産経新聞大阪夕刊に「あなたの日本語大丈夫?」というタイトルで1年半にわたり掲載されたコラムの中からいくつかご紹介します。日々、若い人たちと話したり電車の中で見かけたりすることの中から、ことばにまつわることを、あれこれ思いつくままに書いたものですが、そんな中に話しことばの酸いも甘いも・・・が息づいているのではないかとも思うのです。
特集: あなたの日本語大丈夫?
2017年5月 1日
好意を持っている人から「あなたが好きです」と言われたら、とてもうれしいでしょう。でも、「あなたも好きです」と言われたら? ちょっと複雑な気分で素直に喜べないのではないでしょうか。「あなたも好き」は、他にも好きな人がいる、というニュアンスを含んでいるからです。
人にほめられるとき「あなた、字は上手ね」と言われるのと、「あなた、字も上手ね」と言われるのと、どちらがうれしいですか?私なら「あなた、字も上手ね」の方がうれしいのです。
なぜならこの言い方は「歌も上手だけど...」とか「性格もいいけど...」など他にもほめるところがある、ということを意味するからです。
「字は上手ね」。このほめ方の裏には「他はたいしたことないけど」とか「文章は下手だけど」などという気持ちが隠されています。たった一文字違うだけで言われたほうの気持ちもずいぶん変わってきます。

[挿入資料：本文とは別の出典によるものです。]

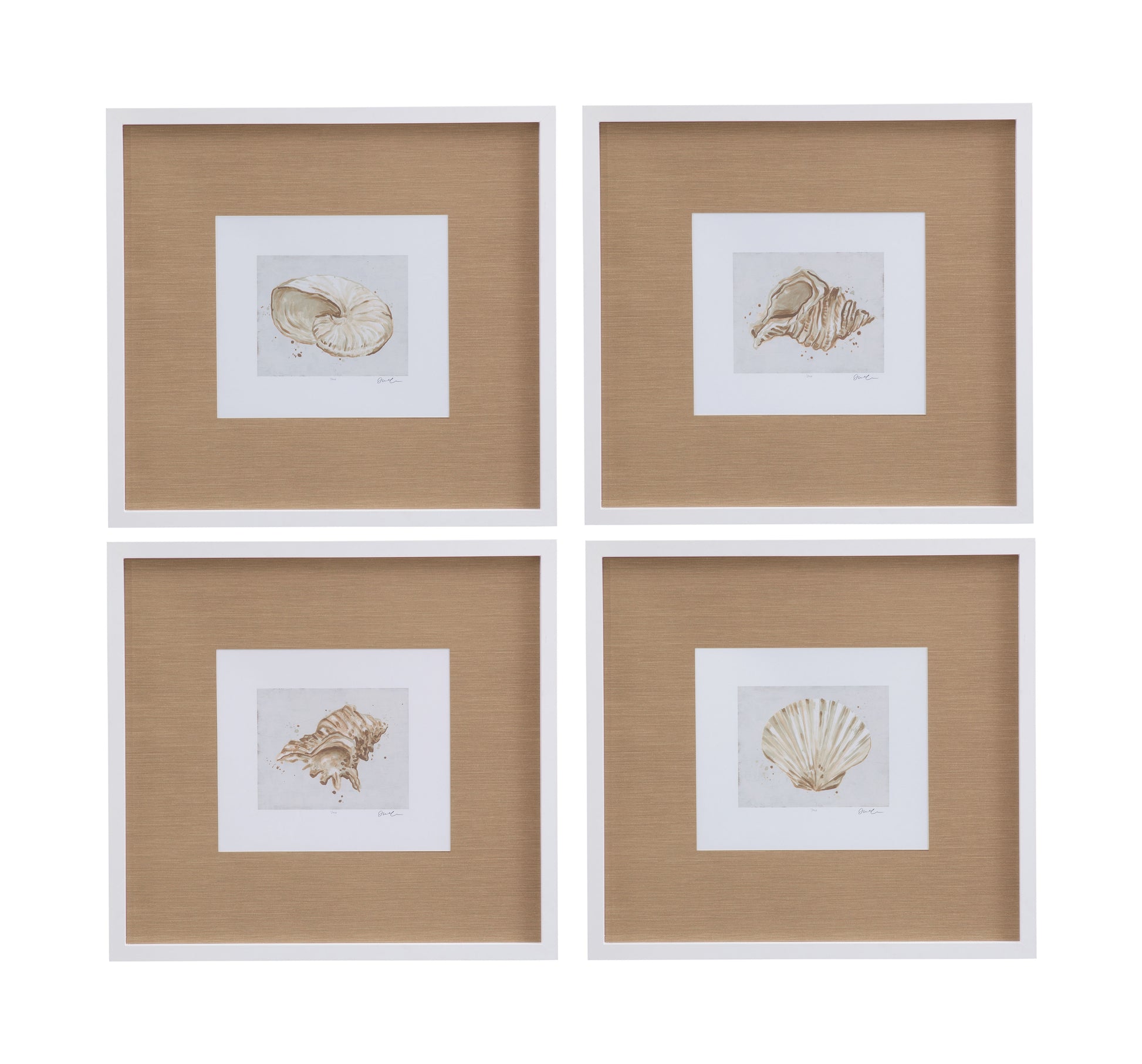 Neutral Shell Fresco III is a limited edition print, signed and numbered by the artist and printed on fine art cotton rag paper. The print is framed in a matte white frame with a textured tan mat board.

こういう例は毎日の暮らしの中にも多くみられます。よその家を訪問したとき「お茶がいいですか。それともコーヒーがいいですか」と聞かれて「お茶でいいです」と答えた経験はありませんか。「お茶でいいです」という返事は「本当はコーヒーが飲みたいけど、お茶で我慢しておこう」という気持ちだと受け取られてしまうことがあります。本人は遠慮しているつもりでも、やはり失礼にあたります。本当にお茶が飲みたいのなら、「お茶をお願いします」とか「お茶がいいです」と言う方がいいでしょう。
また、同じ言葉でも一字カットすると別の意味になることがあります。「おしゃべり」は楽しいけど「しゃべり」は嫌われるかもしれませんね。私は「おにぎり」も好きですが、お寿司屋さんで食べる「にぎり」はもっと好きです。みなさんはいかがですか。
濁点がつくとイメージがすっかり変わってしまう言葉もあります。私はいつまでも「キラキラした目」で「さらさらの髪」を保ちたいと願っていますが、「ギラギラした目」で「ざらざらの髪」になったら、どうしましょう?